Потолковали они и о предстоящем полете — Вера Ивановна всегда была в курсе его даже сугубо практических дел, — и об экипаже. И хотя она всех его нынешних «ребят» знала, Гордеев нашел в собственном рассказе о них и свое удовольствие: рассказывая, он должен был давать своему экипажу оценки, и теперь, как бы со стороны вглядываясь в них, он рад был тому, что они не вносили серьезных поправок в то впечатление, которое уже успело сложиться. Вера Ивановна с видимым удовольствием, оттого, что доволен был он сам, слушала о том, что с механиком своим Дед так сработался, что иной раз и не знает, он ли отдал команду механику, или тот сам понял необходимость того или иного действия в ту же секунду, когда ее понял сам Дед; что хорошо ему и с радистом. Штурман у них тихий, как девушка, а смотришь его расчеты, даже выполненные моментально, по требованиям ситуации, и кажется, что он все заранее предвидел и просчитал. И второй пилот хоть в экипаже недавно, а парень с заинтересованностью и с чутьем; в иную минуту, правда, азарта в нем сказывается больше, чем нужно, ну, так это понятно: только сейчас входит в полную силу. Чутье есть, значит, все прочее — дело наживное. Опыта наберется. Опыта всю жизнь набираются, это не формулу выучить — раз и готово…
Они и помолчали минуту «на дорожку», что, следуя давней семейной традиции, тоже делали всегда; каждый молча вгляделся в тот отрезок времени, который ему предстояло прожить без другого.

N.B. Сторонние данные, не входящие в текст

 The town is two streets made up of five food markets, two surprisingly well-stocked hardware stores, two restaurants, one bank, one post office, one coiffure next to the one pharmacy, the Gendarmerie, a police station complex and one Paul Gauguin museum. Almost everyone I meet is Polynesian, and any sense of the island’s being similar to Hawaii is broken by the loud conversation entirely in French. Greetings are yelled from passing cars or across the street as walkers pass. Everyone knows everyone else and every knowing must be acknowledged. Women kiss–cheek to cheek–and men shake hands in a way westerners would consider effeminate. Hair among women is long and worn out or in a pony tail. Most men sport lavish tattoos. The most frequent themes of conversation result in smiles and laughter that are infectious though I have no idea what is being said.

Вера Ивановна проводила Гордеева до порога. Дальше провожать себя он не разрешал — и здесь, у порога, сказала ему то, что говорила ему в такие минуты всегда. Но это были уже и как бы совсем другие слова, потому что новым смыслом наполняло их каждый раз уходящее время. Это ведь так: чем дольше идут люди вместе сквозь годы, тем нежнее и крепче делается соединяющая их тайная общность, тем большим смыслом полнится каждый раз любое ее выражение, даже обыкновенное напутствие на дорогу — чтоб берегся, чтоб не выходил неодетым на сквозняки, сырой воды бы не пил да возвращался скорее…

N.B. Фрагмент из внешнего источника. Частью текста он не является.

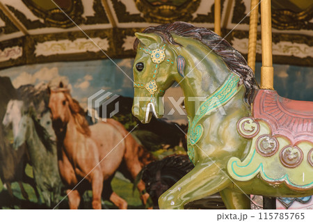 Carousel horse old vintage Victorian style looking scary nobody in abandoned amusement park.

Гордеев представил, чего ей будет стоить это снова начинающееся — или продолжающееся в бесконечности? — ожидание, как станет она считать часы, а когда ей покажется, что самолет опаздывает, начнет звонить в эскадрилью старому другу Кадыру, с которым они летали еще в войну, Гордеев представил себе все это, и ему захотелось сказать жене какие-то хорошие и единственные слова, и они вот уж как будто совсем подступили к горлу, но снова не дались, песком ускользнули меж пальцев, никогда не давались ему слова. И он пережил что-то похожее на отчаяние и растерянность от сознания этой своей беспомощности; мучаясь этим и не зная, как быть, он пробормотал в ответ, что конечно же станет беречься и не побежит нараспашку на ветер, не мальчик, вот они тут пусть лучше глядят за внуком, да и молодой хозяйке не мешало бы сказать, что жить на сухомятке не дело. Холодильник-то у нее набит, но продукты все легкие, для бутербродов, ну тут уж ей, Вере Ивановне, карты в руки, кухня — женское дело, свой разговор…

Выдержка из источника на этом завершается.